Brazil and other emerging economies are “moving toward making the NDCs not just overall policy targets, but a strategy [with] executable transactions,” observes Lightsmith Group’s Jay Koh. “That kind of conversation is where you can turn societal needs into demand for products and services into an investable set of opportunities.”
Up next is investable “national adaptation plans,” says Nagel, “where an adaptation investment pipeline can be built according to the NDCs and aligned with the private sector. That hasn’t been done in the past.”

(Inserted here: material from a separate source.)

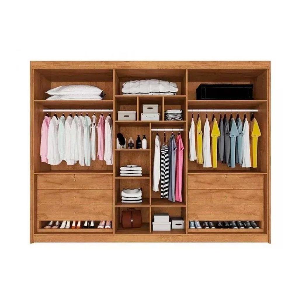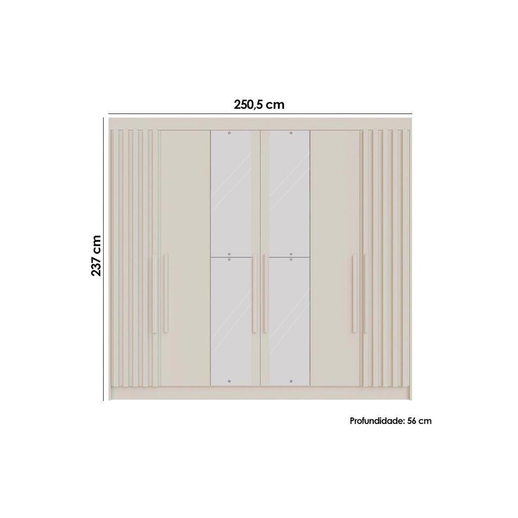 Guarda Roupa Casal 6 Portas (2 Ripadas e 2 c/ Espelho) e 6 Gavetas Potente Peroba/Off White - Europa

Regional strategies, like the African Green Banks Initiative, are helping smaller countries develop investment pipelines and funding mechanisms for green growth and climate adaptation projects. Last week, Cote d’Ivoire announced plans for a $500 million green finance fund through the initiative to mobilize both public and private funding.
Pakistan, which contributes less than 1% of global greenhouse gas emissions but ranks among the most climate vulnerable countries, hosted a roundtable at COP last week where its prime minister, Shehbaz Sharif, called for at least $6.8 trillion in climate funding for emerging economies by 2030. Its finance minister, Muhammad Aurangzeb, appeared alongside Khan at the launch of Acumen’s adaptation facility.
“Together with Acumen we are continuing on our path toward sustainable economic growth and development,” he said at the launch event. “Their commitment to Pakistan’s agricultural system is more than a climate investment. It is an investment in the Pakistani people – the entrepreneurs, the founders, the farmers, and our communities.”
Khan recalls the devastating floods that affected a third of the country in 2022 and toxic smog that is choking Pakistan’s urban residents.
“We don’t have time to wait for these larger global commitments to crystallize and for clarity on what needs to be done for the ‘real’ funding to materialize,” she says. “We have to act now.”